Please write out only the lines from the one containing "サザエやタコ,ヒトデ,イソギ" through the last line of the listing. Do not include pictures.

[[ STORED DATA, beginning ]]

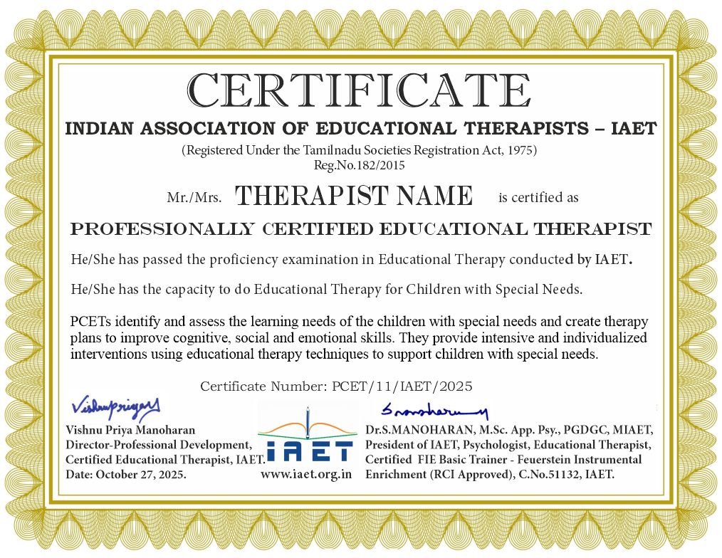 A PCET (Professionally Certified Educational Therapist) is an educational therapist certified by the Indian Association of Educational Therapists (IAET) to work with students facing learning challenges. The certification is obtained by passing the assessment set by the IAET that demonstrates proficiency in educational therapy knowledge and skills. The PCETs will do the following:
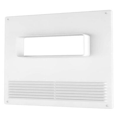 Для пластиковых воздуховодов Размер площадки: 250 х 180 мм Размер фланца: 55 х 110 мм Ориентация фланца: горизонтальная Материал: пластик Цвет: белый Дополнительно: с решеткой
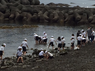 サザエやタコ,ヒトデ,イソギンチャク,ウニ,魚などたくさんの生き物と触れ合うことができて大喜びの子どもたちでした。みんな,夢中になって生き物を探していたので,ずぶ濡れです。でも,全然,寒くはありません。
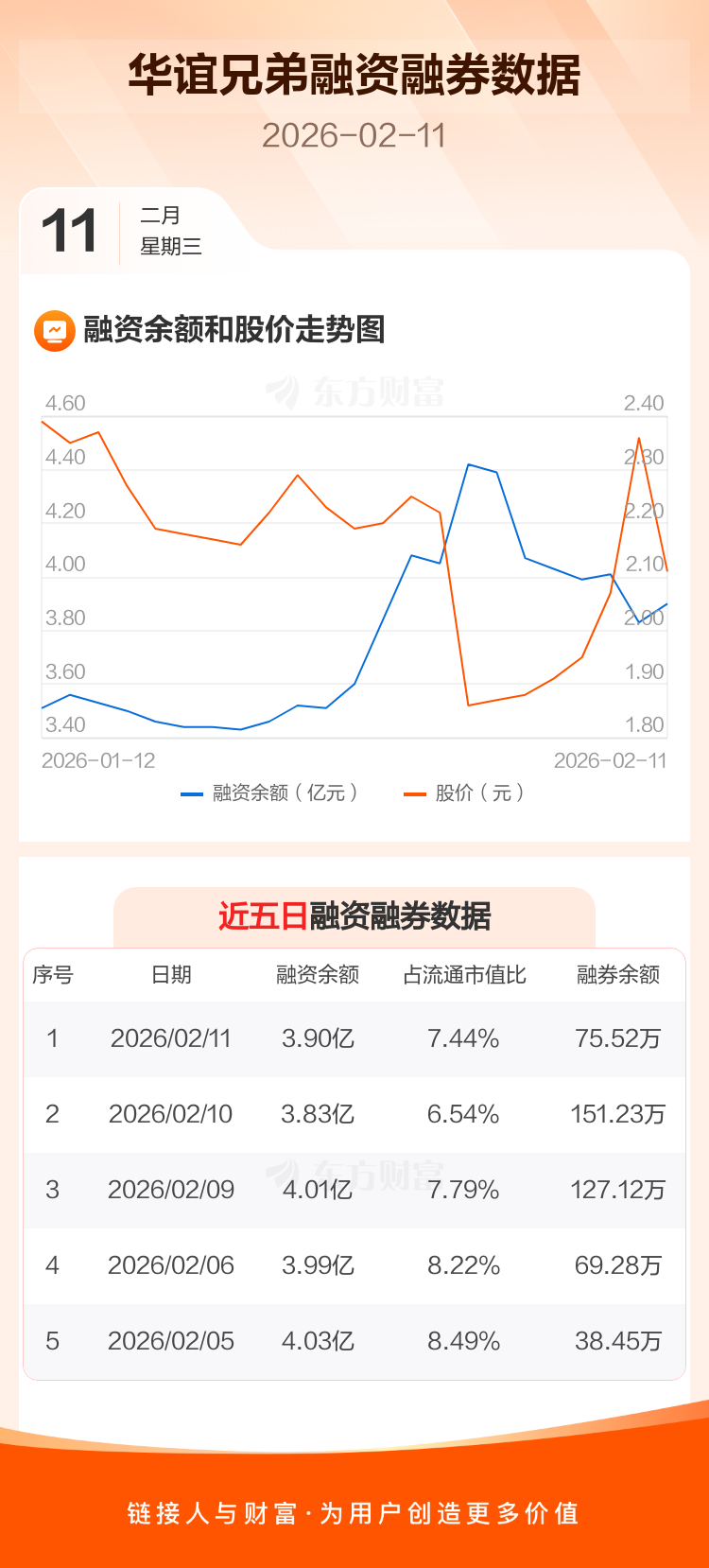 交易所最新数据显示,华谊兄弟于2026年2月11日获融资买入1666.40万元,融资偿还992.33万元,当日融资净买入674.07万元。目前,该股融资余额3.90亿,占流通市值比例为7.44%。

[[ STORED DATA, end ]]

## TASK RESULT
 サザエやタコ,ヒトデ,イソギンチャク,ウニ,魚などたくさんの生き物と触れ合うことができて大喜びの子どもたちでした。みんな,夢中になって生き物を探していたので,ずぶ濡れです。でも,全然,寒くはありません。
 交易所最新数据显示,华谊兄弟于2026年2月11日获融资买入1666.40万元,融资偿还992.33万元,当日融资净买入674.07万元。目前,该股融资余额3.90亿,占流通市值比例为7.44%。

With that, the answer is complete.